→ Given entries:
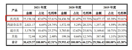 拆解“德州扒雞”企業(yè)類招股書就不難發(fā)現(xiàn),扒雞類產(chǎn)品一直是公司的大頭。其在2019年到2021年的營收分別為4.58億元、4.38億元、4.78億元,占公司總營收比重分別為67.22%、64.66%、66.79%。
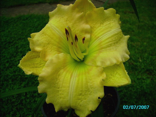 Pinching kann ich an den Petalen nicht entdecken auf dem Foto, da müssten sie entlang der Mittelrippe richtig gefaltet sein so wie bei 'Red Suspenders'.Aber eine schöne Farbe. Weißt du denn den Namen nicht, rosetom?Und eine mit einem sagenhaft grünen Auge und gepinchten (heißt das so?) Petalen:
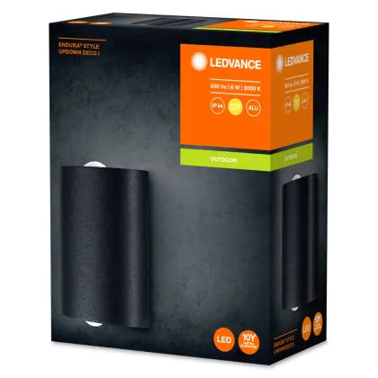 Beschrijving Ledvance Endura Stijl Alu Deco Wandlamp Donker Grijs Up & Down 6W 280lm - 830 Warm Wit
...
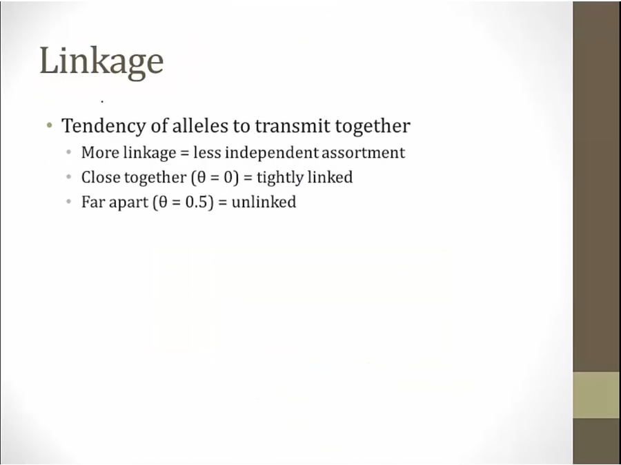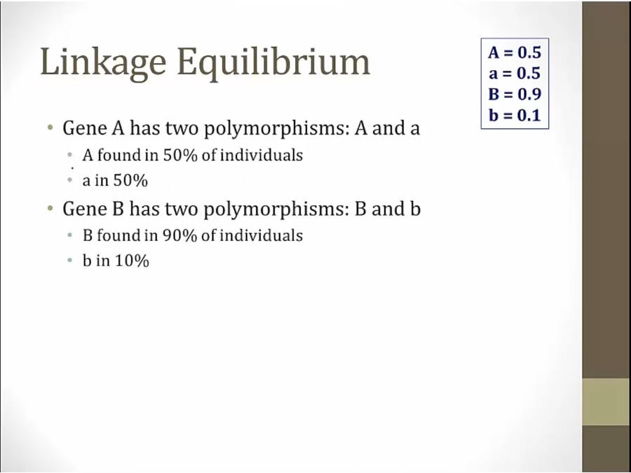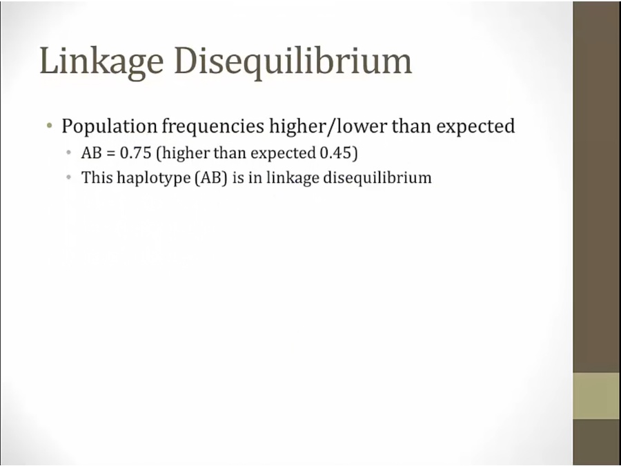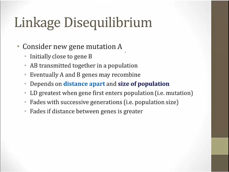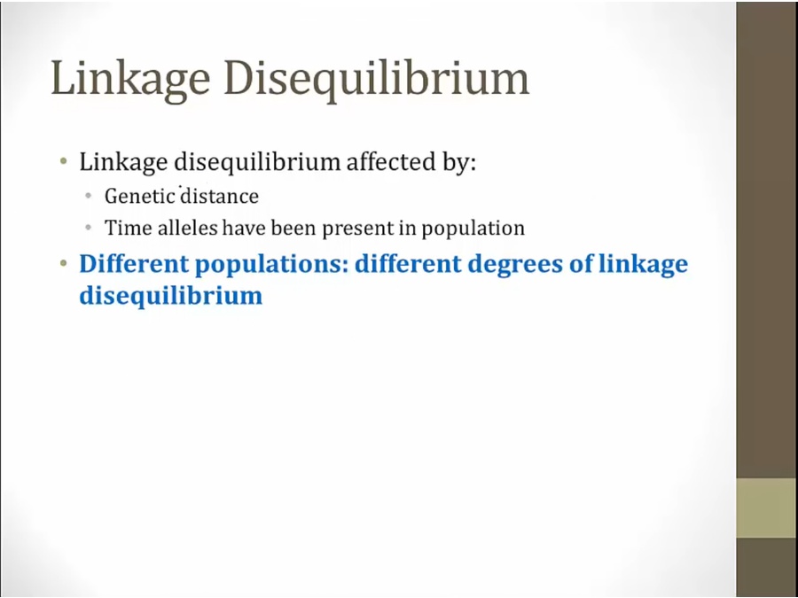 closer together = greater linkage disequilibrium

→ What needs to be done: Exactly the lines above, from the one containing "Pinching kann ich" down to the one containing "Beschrijving Ledvance Endura", are to be repeated, including both ends. Pictures are not part of the copy.

→ Output of the task:
 Pinching kann ich an den Petalen nicht entdecken auf dem Foto, da müssten sie entlang der Mittelrippe richtig gefaltet sein so wie bei 'Red Suspenders'.Aber eine schöne Farbe. Weißt du denn den Namen nicht, rosetom?Und eine mit einem sagenhaft grünen Auge und gepinchten (heißt das so?) Petalen:
 Beschrijving Ledvance Endura Stijl Alu Deco Wandlamp Donker Grijs Up & Down 6W 280lm - 830 Warm Wit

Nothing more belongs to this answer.